### [ENTRIES SHOWN]
◇ ◇ ◇ ◇

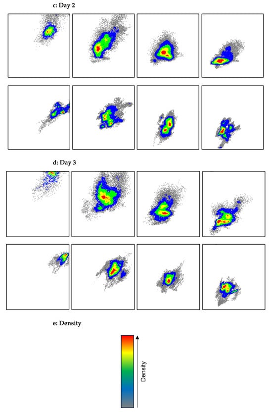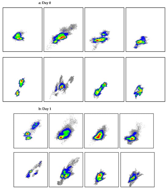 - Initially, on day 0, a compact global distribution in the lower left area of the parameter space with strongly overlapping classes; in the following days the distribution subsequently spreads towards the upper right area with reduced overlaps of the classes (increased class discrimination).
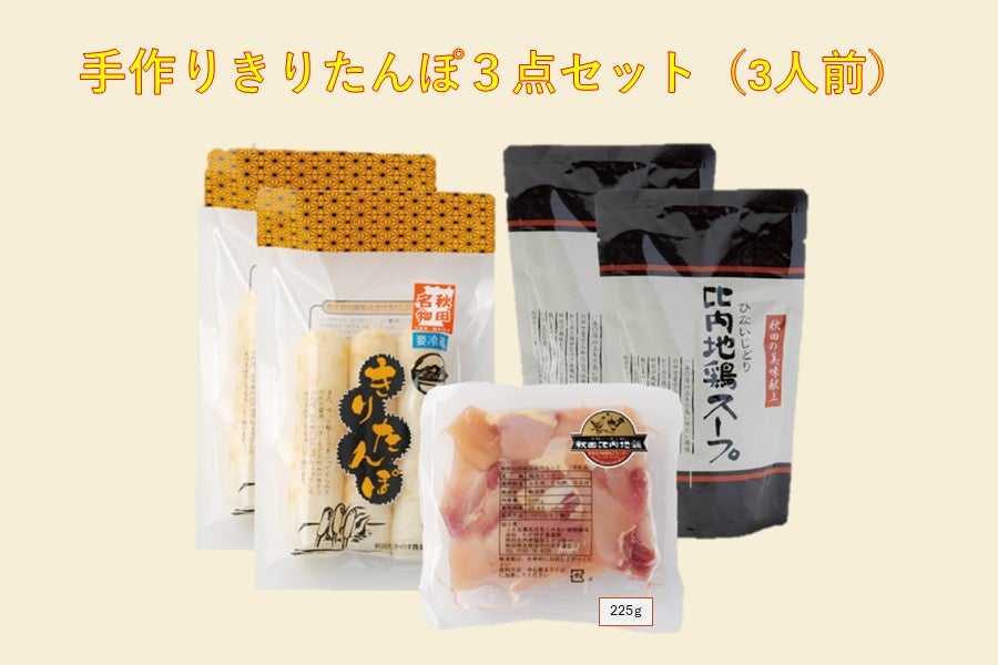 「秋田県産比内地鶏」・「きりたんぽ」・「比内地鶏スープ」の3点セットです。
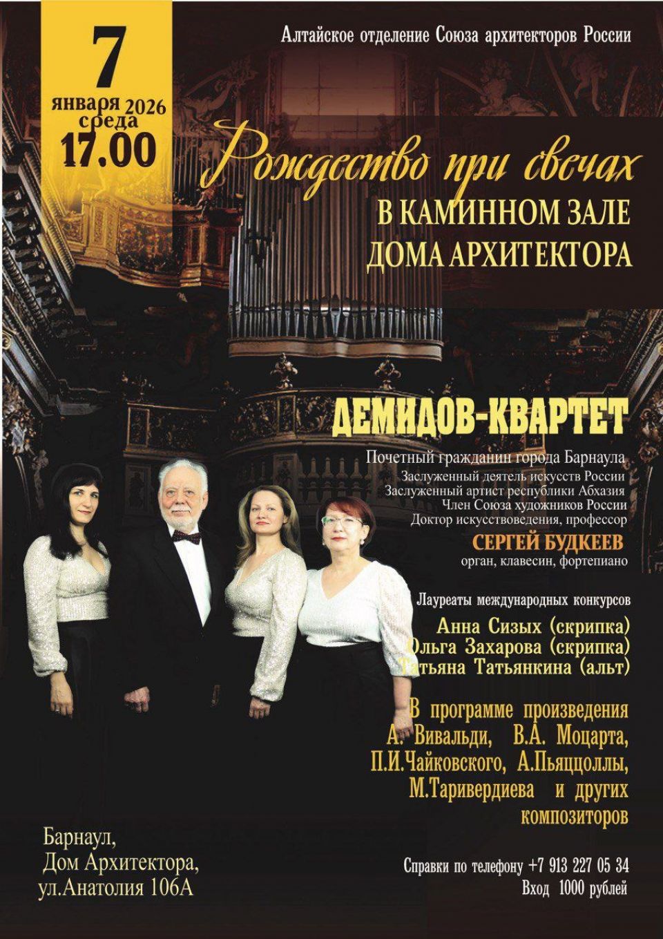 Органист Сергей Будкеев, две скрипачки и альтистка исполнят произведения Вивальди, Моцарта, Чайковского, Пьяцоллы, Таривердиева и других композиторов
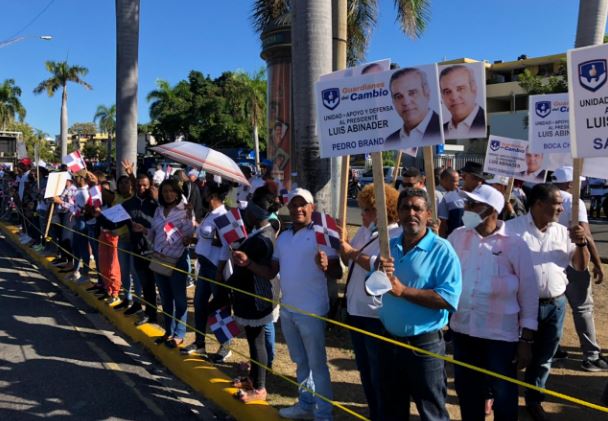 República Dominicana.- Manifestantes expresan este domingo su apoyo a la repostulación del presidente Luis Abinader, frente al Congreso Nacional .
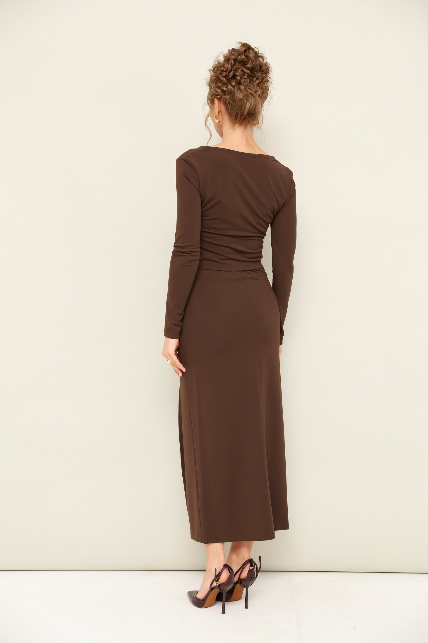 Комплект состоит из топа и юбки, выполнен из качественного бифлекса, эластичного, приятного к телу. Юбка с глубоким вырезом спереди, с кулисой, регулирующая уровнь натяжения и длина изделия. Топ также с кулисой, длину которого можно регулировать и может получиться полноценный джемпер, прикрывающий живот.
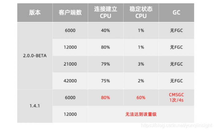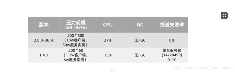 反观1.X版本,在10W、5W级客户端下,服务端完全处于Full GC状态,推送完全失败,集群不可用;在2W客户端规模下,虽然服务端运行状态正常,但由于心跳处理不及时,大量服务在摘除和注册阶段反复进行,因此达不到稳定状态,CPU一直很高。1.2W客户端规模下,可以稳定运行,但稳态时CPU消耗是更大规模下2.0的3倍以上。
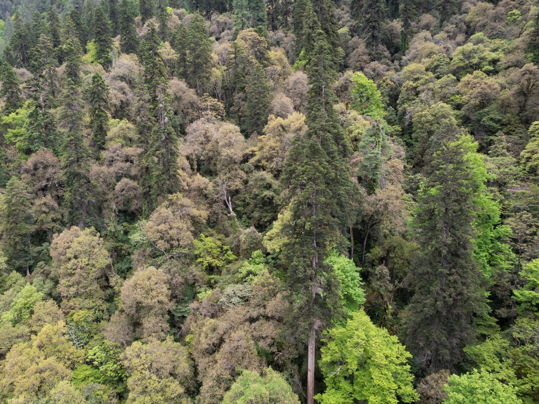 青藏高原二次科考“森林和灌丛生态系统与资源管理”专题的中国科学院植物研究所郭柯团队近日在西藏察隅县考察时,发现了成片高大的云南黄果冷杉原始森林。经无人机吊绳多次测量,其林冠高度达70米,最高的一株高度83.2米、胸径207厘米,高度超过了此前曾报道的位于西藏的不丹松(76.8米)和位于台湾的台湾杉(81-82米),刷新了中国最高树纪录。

◇ ◇ ◇ ◇

### [WORK TASK]
If an entry holds an image, omit that image and print the remainder exactly as it stands.

### [OUTPUT OF THE TASK]
 - Initially, on day 0, a compact global distribution in the lower left area of the parameter space with strongly overlapping classes; in the following days the distribution subsequently spreads towards the upper right area with reduced overlaps of the classes (increased class discrimination).
 「秋田県産比内地鶏」・「きりたんぽ」・「比内地鶏スープ」の3点セットです。
 Органист Сергей Будкеев, две скрипачки и альтистка исполнят произведения Вивальди, Моцарта, Чайковского, Пьяцоллы, Таривердиева и других композиторов
 República Dominicana.- Manifestantes expresan este domingo su apoyo a la repostulación del presidente Luis Abinader, frente al Congreso Nacional .
 Комплект состоит из топа и юбки, выполнен из качественного бифлекса, эластичного, приятного к телу. Юбка с глубоким вырезом спереди, с кулисой, регулирующая уровнь натяжения и длина изделия. Топ также с кулисой, длину которого можно регулировать и может получиться полноценный джемпер, прикрывающий живот.
 反观1.X版本,在10W、5W级客户端下,服务端完全处于Full GC状态,推送完全失败,集群不可用;在2W客户端规模下,虽然服务端运行状态正常,但由于心跳处理不及时,大量服务在摘除和注册阶段反复进行,因此达不到稳定状态,CPU一直很高。1.2W客户端规模下,可以稳定运行,但稳态时CPU消耗是更大规模下2.0的3倍以上。
 青藏高原二次科考“森林和灌丛生态系统与资源管理”专题的中国科学院植物研究所郭柯团队近日在西藏察隅县考察时,发现了成片高大的云南黄果冷杉原始森林。经无人机吊绳多次测量,其林冠高度达70米,最高的一株高度83.2米、胸径207厘米,高度超过了此前曾报道的位于西藏的不丹松(76.8米)和位于台湾的台湾杉(81-82米),刷新了中国最高树纪录。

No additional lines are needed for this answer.